# Boss Me-10



## Dude5152 (Oct 28, 2007)

Hey I was wondering where i can find settings for the BOSS ME-10 Multiple Effects unit. I tried searching but only articles on the ME-30 and 50 showed up. I am looking for a van halen sound and a Satriani and Vai sound. 

Thanks, 
Dude5152


----------



## Guest (Nov 29, 2007)

Fiddle with the knobs on your ME-10... What you're looking for is probably in there. It just takes a little effort.


----------



## mlionfire (Dec 11, 2007)

*Re: Boss-ME10...*

Check out this site for some settings...

http://www.simonlees.co.uk/bossme10.htm

Mike


----------



## Dude5152 (Oct 28, 2007)

mlionfire said:


> Check out this site for some settings...
> 
> http://www.simonlees.co.uk/bossme10.htm
> 
> Mike


I checked there and that didn't suit what i was looking for.
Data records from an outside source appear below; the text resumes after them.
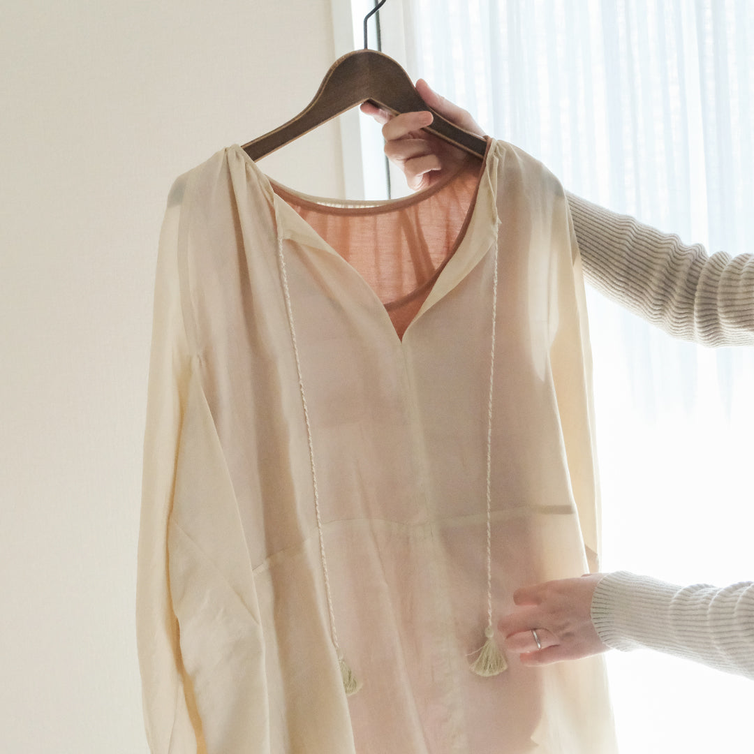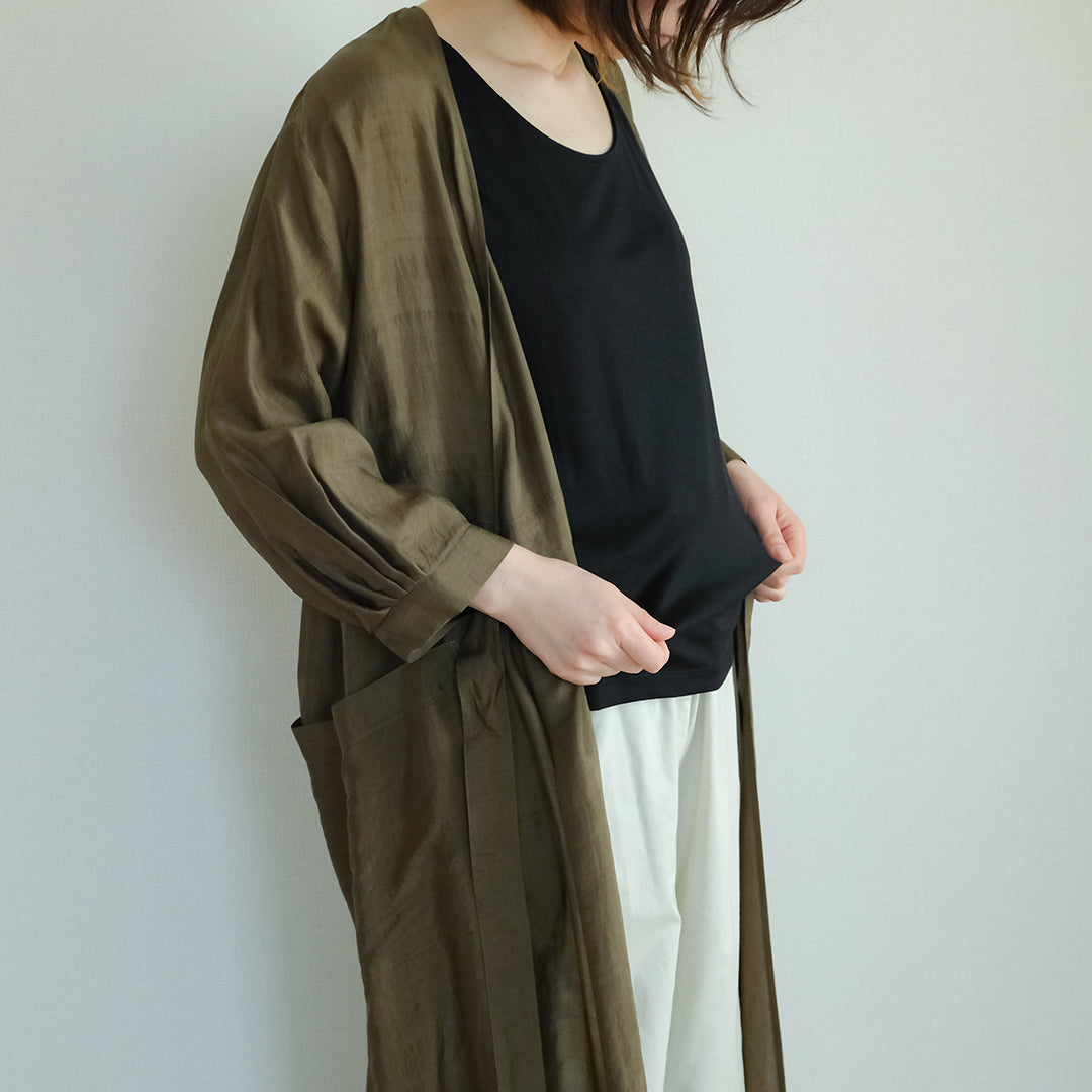 素材の持つ自然な美しさを感じられるミニマルなデザイン。触ってみれば生地の柔らかなとろみと、空気のような軽さにきっと驚くはず。
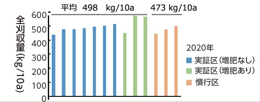 - 実証区全体の平均収量は慣行区と比較して5%増加した。
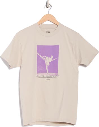 A poised dancer perfects her arabesque on the front of this crewneck T-shirt crafted from soft, breathable cotton.
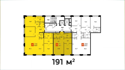 На вот эти соседние квартиры, общей площадью 191 квадратный метр.
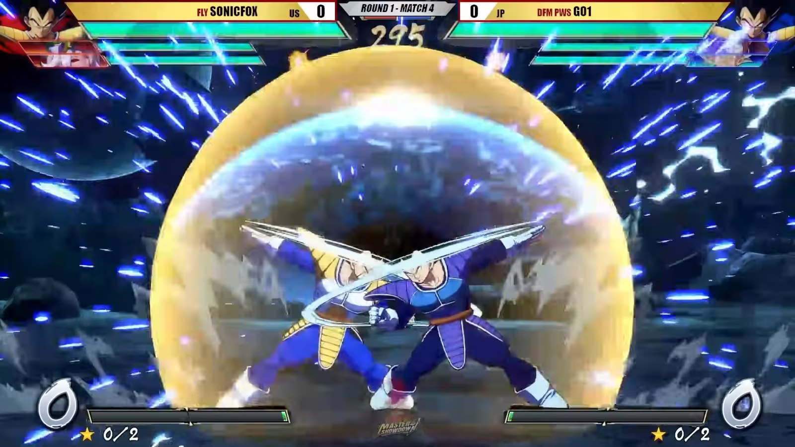 比賽一開始,雙方都選用貝吉塔(達爾),在開場約 15 秒內,兩人幾乎每一拍都使出完全相同的動作與攻擊節奏,招式互撞、彼此抵消,形成零傷害連續對衝的攻防戰。
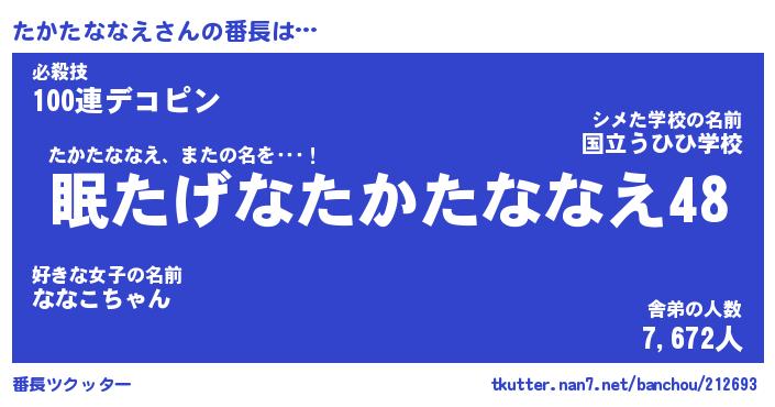 | ヒーロー風カッコイイあだ名 | 『スーパータカタナナエ』『炎刃騎士タカ』 |
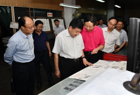 梁建勇一行先后走訪了福建新華印刷有限責任公司、海峽創意印刷中心以及福建新華發行集團圖書發行中心,參觀了書刊車間、裝訂車間、新印刷園區生產車間及倉儲物流車間,聽取了有關教材生產進度、印務企業整合重組、舊廠區收儲、新園區利用規劃以及倉儲物流改革等情況介紹,詳細了解集團在推進資源整合、促進企業轉型升級等方面所做的工作。
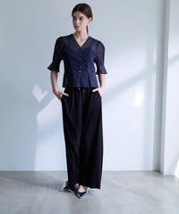 ウエストゴム仕様のイージーギャザーワイドパンツです。ウエストにはコードを入れているため調整可能です。裏地がなくさらっとした素材で暑い時期にも快適な1着です。同素材のプルオーバー(品番:M5M28568)やジレ(品番:M5M29568)とセットアップで着用いただくのもおすすめです。

I am looking for settings to model the sounds of the greats (Vai, Satch, Eddie, etc)


----------



## GuitaristZ (Jan 26, 2007)

Go to this website: http://guitargeek.com/
Search the name of the person who's tone you want to copy
See what equipment they use,
Then use amps, etc on the ME10 that will copy such a configuration.

Voila!!!




:banana:


----------